R & xml2: Locate elements by specific text value, store all children values in data.frame

I work with regularly refreshed XML reports and I would like to automate the munging process using R & xml2.
Here's a link to an entire example file.
Here's a sample of the XML:
<?xml version="1.0" ?>
<riDetailEnrolleeReport xmlns="http://vo.edge.fm.cms.hhs.gov">
<includedFileHeader>
<outboundFileIdentifier>f2e55625-e70e-4f9d-8278-fc5de7c04d47</outboundFileIdentifier>
<cmsBatchIdentifier>RIP-2015-00096</cmsBatchIdentifier>
<cmsJobIdentifier>16220</cmsJobIdentifier>
<snapShotFileName>25032.BACKUP.D03152016T032051.dat</snapShotFileName>
<snapShotFileHash>20d887c9a71fa920dbb91edc3d171eb64a784dd6</snapShotFileHash>
<outboundFileGenerationDateTime>2016-03-15T15:20:54</outboundFileGenerationDateTime>
<interfaceControlReleaseNumber>04.03.01</interfaceControlReleaseNumber>
<edgeServerVersion>EDGEServer_14.09_01_b0186</edgeServerVersion>
<edgeServerProcessIdentifier>8</edgeServerProcessIdentifier>
<outboundFileTypeCode>RIDE</outboundFileTypeCode>
<edgeServerIdentifier>2800273</edgeServerIdentifier>
<issuerIdentifier>25032</issuerIdentifier>
</includedFileHeader>
<calendarYear>2015</calendarYear>
<executionType>P</executionType>
<includedInsuredMemberIdentifier>
<insuredMemberIdentifier>ARS001</insuredMemberIdentifier>
<memberMonths>12.13</memberMonths>
<totalAllowedClaims>1000.00</totalAllowedClaims>
<totalPaidClaims>100.00</totalPaidClaims>
<moopAdjustedPaidClaims>100.00</moopAdjustedPaidClaims>
<cSRMOOPAdjustment>0.00</cSRMOOPAdjustment>
<estimatedRIPayment>0.00</estimatedRIPayment>
<coinsurancePercentPayments>0.00</coinsurancePercentPayments>
<includedPlanIdentifier>
<planIdentifier>25032VA013000101</planIdentifier>
<includedClaimIdentifier>
<claimIdentifier>CADULT4SM00101</claimIdentifier>
<claimPaidAmount>100.00</claimPaidAmount>
<crossYearClaimIndicator>N</crossYearClaimIndicator>
</includedClaimIdentifier>
</includedPlanIdentifier>
</includedInsuredMemberIdentifier>
<includedInsuredMemberIdentifier>
<insuredMemberIdentifier>ARS002</insuredMemberIdentifier>
<memberMonths>9.17</memberMonths>
<totalAllowedClaims>0.00</totalAllowedClaims>
<totalPaidClaims>0.00</totalPaidClaims>
<moopAdjustedPaidClaims>0.00</moopAdjustedPaidClaims>
<cSRMOOPAdjustment>0.00</cSRMOOPAdjustment>
<estimatedRIPayment>0.00</estimatedRIPayment>
<coinsurancePercentPayments>0.00</coinsurancePercentPayments>
<includedPlanIdentifier>
<planIdentifier>25032VA013000101</planIdentifier>
<includedClaimIdentifier>
<claimIdentifier></claimIdentifier>
<claimPaidAmount>0</claimPaidAmount>
<crossYearClaimIndicator>N</crossYearClaimIndicator>
</includedClaimIdentifier>
</includedPlanIdentifier>
</includedInsuredMemberIdentifier>
</riDetailEnrolleeReport>
I would like to:
Read in the XML into R
Locate a specific insuredMemberIdentifier
Extract the planIdentifier and all claimIdentifier data associated with the member ID in (2)

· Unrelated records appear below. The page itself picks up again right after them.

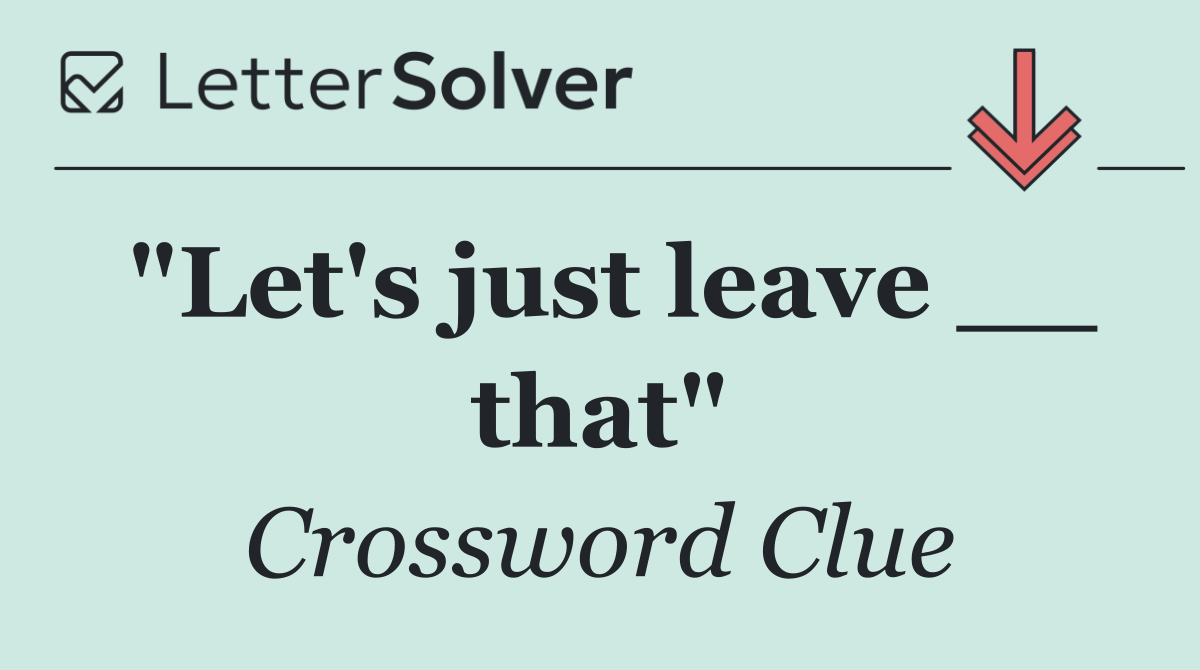 We specialize in solving many of your favorite puzzles, including the New York Times, USA Today, LA Times, Daily Themed Crosswords, and more. The ""Let's just leave __ that"" clue from the Newsday puzzle, November 19 edition, is one such example.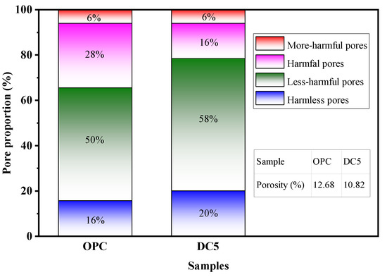 Figure 14 depicts the pore proportions of samples. The proportion of harmless and less harmful pores in DC5 is larger than in OPC, while the proportion of harmful pores in DC5 is smaller than in OPC. This indicates that 5% content of diatomite can change the proportion of pores with different pore sizes in concrete, reducing harmful pores, increasing harmless and less harmful pores. The previous section has shown that the performance of DC5 is better than that of OPC. This also confirms that pore characteristics are one of the factors affecting concrete performance. The porosity of DC5 and OPC is 10.82% and 12.68%, respectively. The porosity of DC5 is lower than OPC. In general, the 5% content diatomite decreases the total porosity of concrete by reducing the most probable aperture and increasing the proportion of micropores (<50 nm), thereby improving the performance of concrete.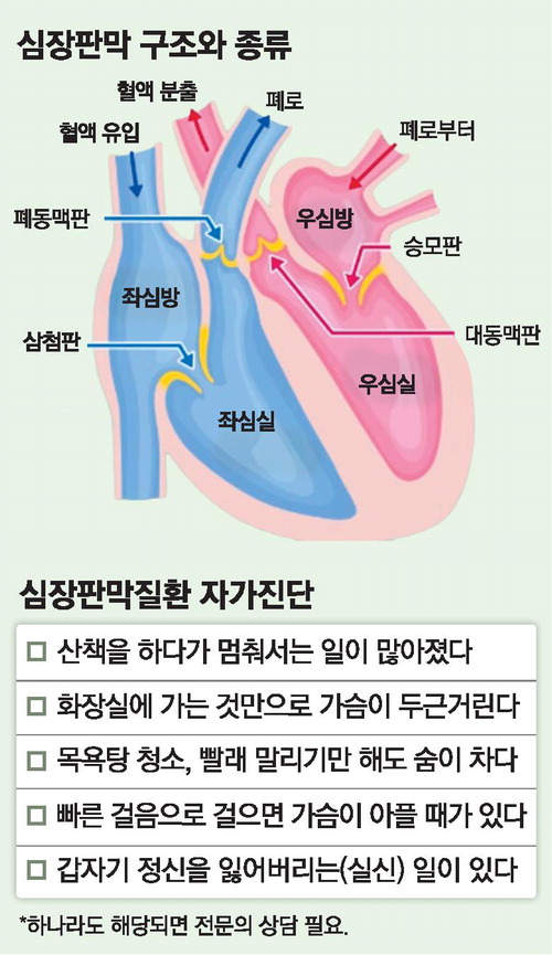 심장판막에 이상이 생긴 심장판막증은 병이 진행되면 숨이 차거나 부종이 나타나지만,고령자는 활동이 많지 않아 중증이라도 자각하지 못하는 경우가 많다.심장은 우심방과 우심실,좌심방과 좌심실 등 4개 공간으로 나뉘어져 있으며,그사이에는 밸브(Valve·판막)가 있다.혈액을 내보낼 때는 판막이 열리고,혈액을 내보낸 후에는 빠르게 닫아서 혈액이 역류하지 않도록 돼 있다.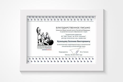 Комиссия Общественной палаты России по развитию высшего образования и науки вручила благодарность генеральному директору ведущего в стране научно-производственного центра по квантовой электронике в составе Холдинга «Швабе» Госкорпорации Ростех.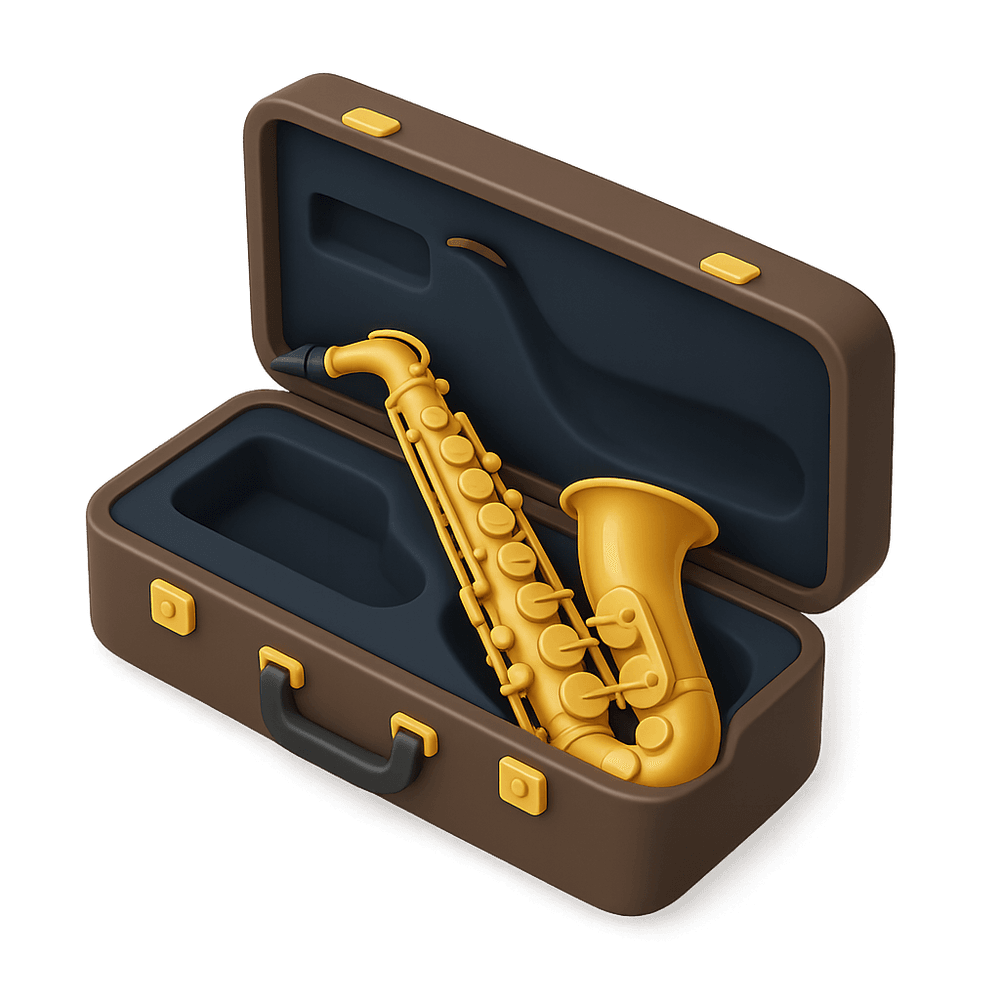 A brass wind instrument known for its rich, expressive sound, stored securely in a protective carrying case. Commonly used in jazz, classical, and popular music performances.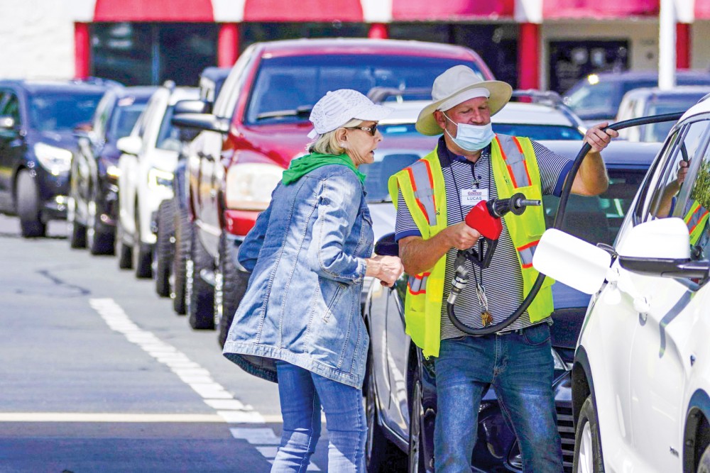 Hàng dài xe hơi nối đuôi chờ mua xăng ở bang Bắc Carolina, khi Colonial Pipeline bị tấn công mạng. Ảnh: AP

Store all text and values for insuredMemberIdentifier, planIdentifier, claimIdentifier, and claimPaidAmount in a data.frame with a row for each unique claim ID (member ID to claim ID is a 1 to many)

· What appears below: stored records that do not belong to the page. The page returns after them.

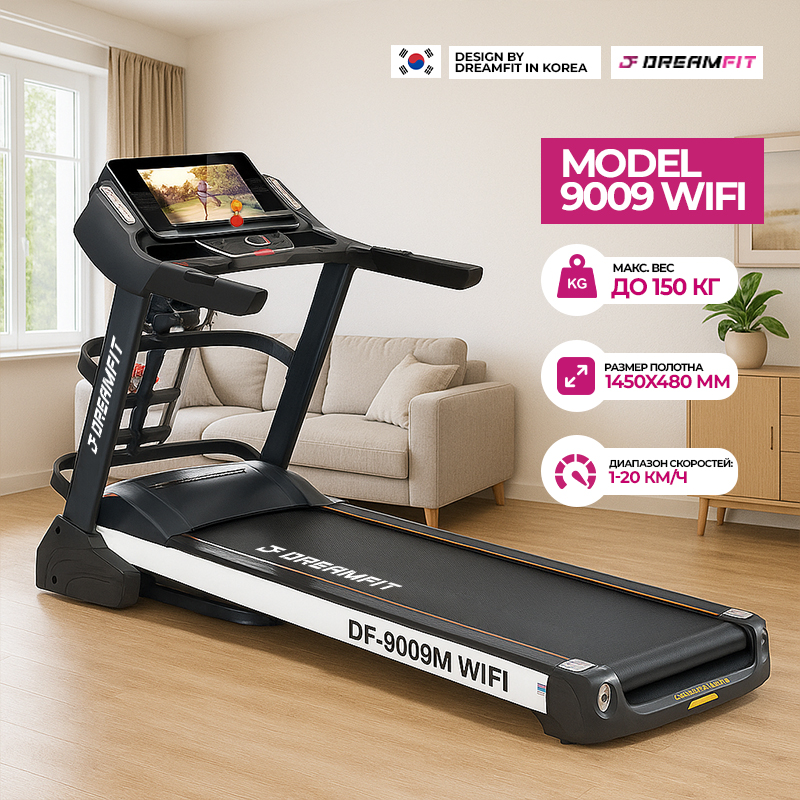 Ваша личная дорога к здоровью и успеху! Беговая дорожка DF-9009M WIFI оснащена мощным DС мотором 4.5 HP, беговой поверхностью 145×58 см и выдерживает нагрузку до 150 кг. Скоростной диапазон от 1 до 20 км/ч и угол наклона до 15% помогут разнообразить тренировки. 15,1-дюймовый LCD дисплей, Android система и Hi-Fi звук создают комфортную атмосферу. Встроенный массажер, возможность тренировки пресса и гантели делают тренировки максимально эффективными. Совместимость с фитнес-приложениями – для умного контроля вашего прогресса!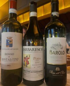 Outro vinho delicioso da noite foi o Castelli Martinozzi Rosso di Montalcino 2021, um Sangiovese vivo, elegante e sem arestas. A cor dele é um vermelho rubi intenso. No nariz e na boca, um resumo: Melhor do que muito Brunello.que tem por aí. De verdade! R$210,00.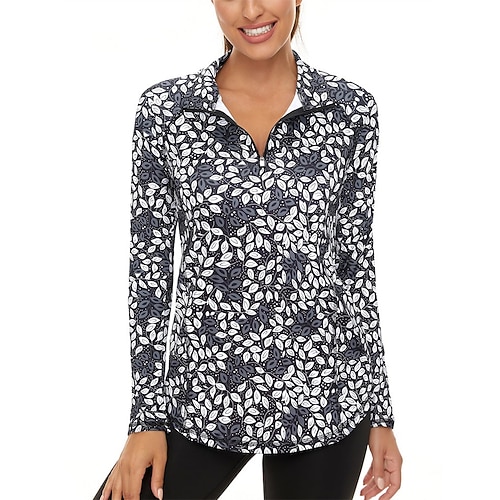 Per donna Floreale Polo da golf Maglia da tennis Manica Lunga Stampato Zip a un quarto Pullover Protezione UV Elastico Traspirante Tennis Golf Pickleball Collo con zip Maglietta Polo Rosa Blu Grigio
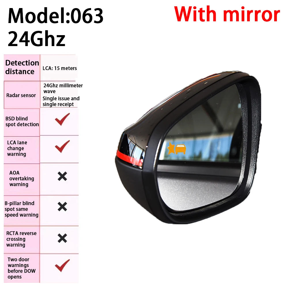 - Kompatibilitet: LCA filbytesassistans, BSD dödvinkelövervakning, AOA aktiv omkörning, B-stolpe dödvinkelvarning, RCTA backkorsningsvarning, DOW dörröppningsvarning (valfritt)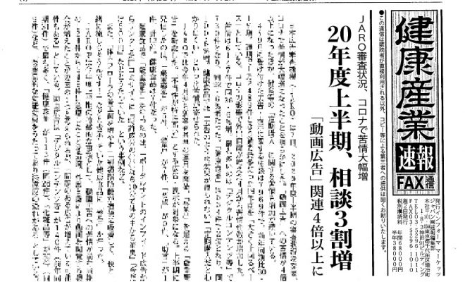 ・JARO審査状況、コロナで苦情大幅増 20年度上半期、相談3割増・厚労省、「指定成分」情報対応でワーキンググループ・カシス、食後血糖値に効果 フィンランド研究・機能性表示、6品取り下げで計3123品に・米国…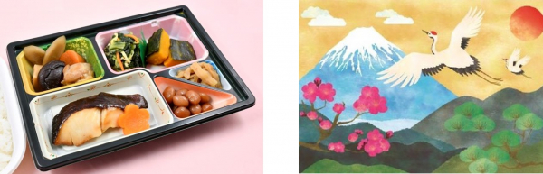 左:特別メニュー「銀だら西京焼き弁当」 右:ちぎり絵の完成イメージ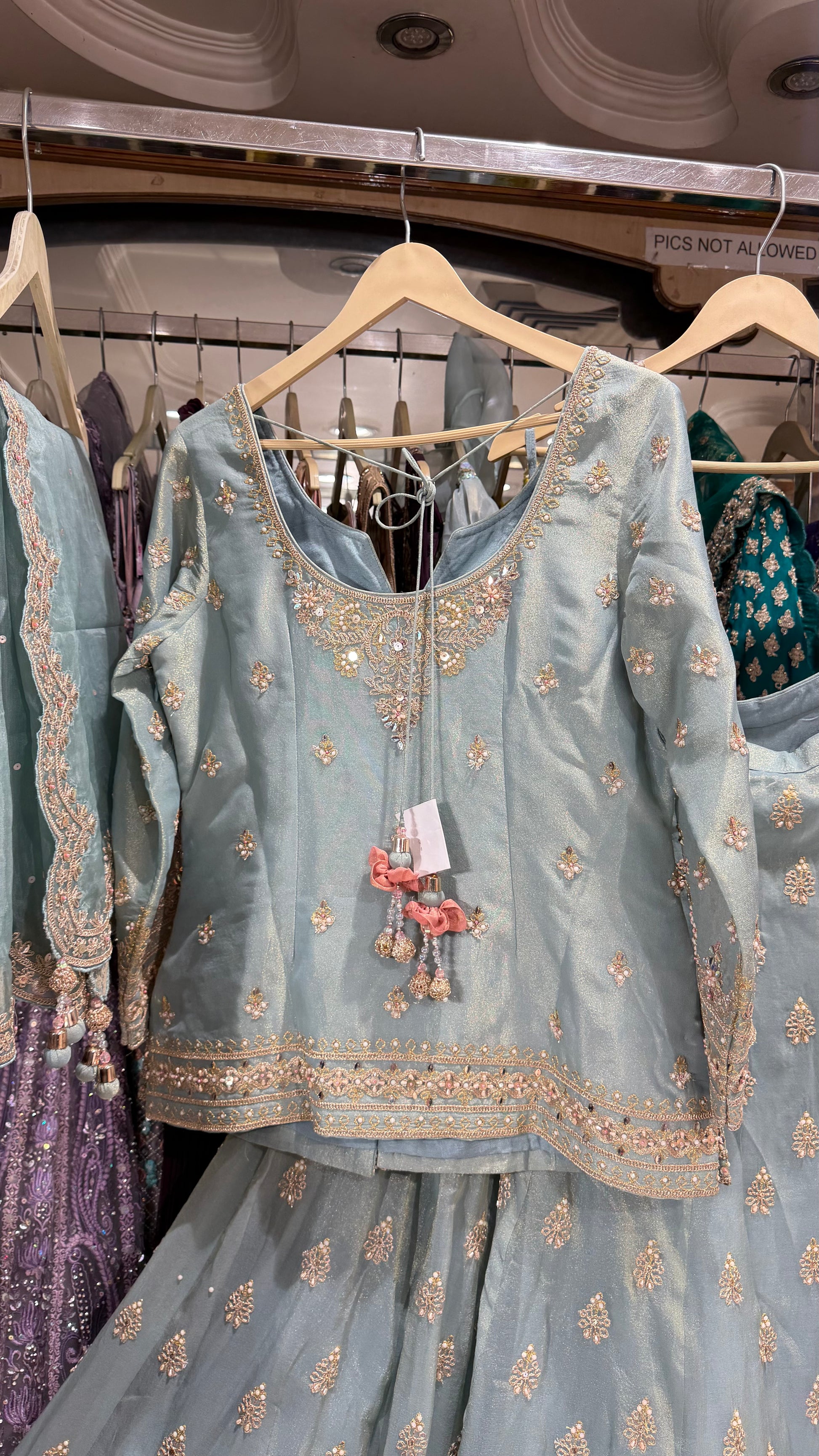Pure Tissue Handwork Lehenga kurti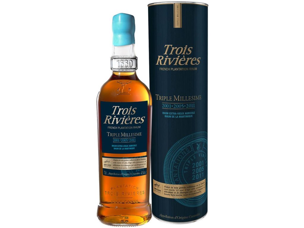 Trois Rivières Triple Vintage, zpracovaný v souladu s pravidly Martinique AOC (Protected Designation of Origin), je nádherně zpracovaný velmi starý zemědělský rum, díky know-how a průkopnickému duchu Cellar Master. Vykazuje pozoruhodnou hladkost ve struktuře a jemné, kulaté patro.

So far, I have accomplished 1 and I'm in the ballpark on 2:
## Step 1 ##
ride <- read_xml("/Users/temp/Desktop/RIDetailEnrolleeReport.xml")
## Step 2 -- assume the insuredMemberIdentifier of interest is 'ARS001' ##
memID <- xml_find_all(ride, "//d1:insuredMemberIdentifier[text()='ARS001']", xml_ns(ride))
[I know that I can then use xml_text() to extract the text of the element.]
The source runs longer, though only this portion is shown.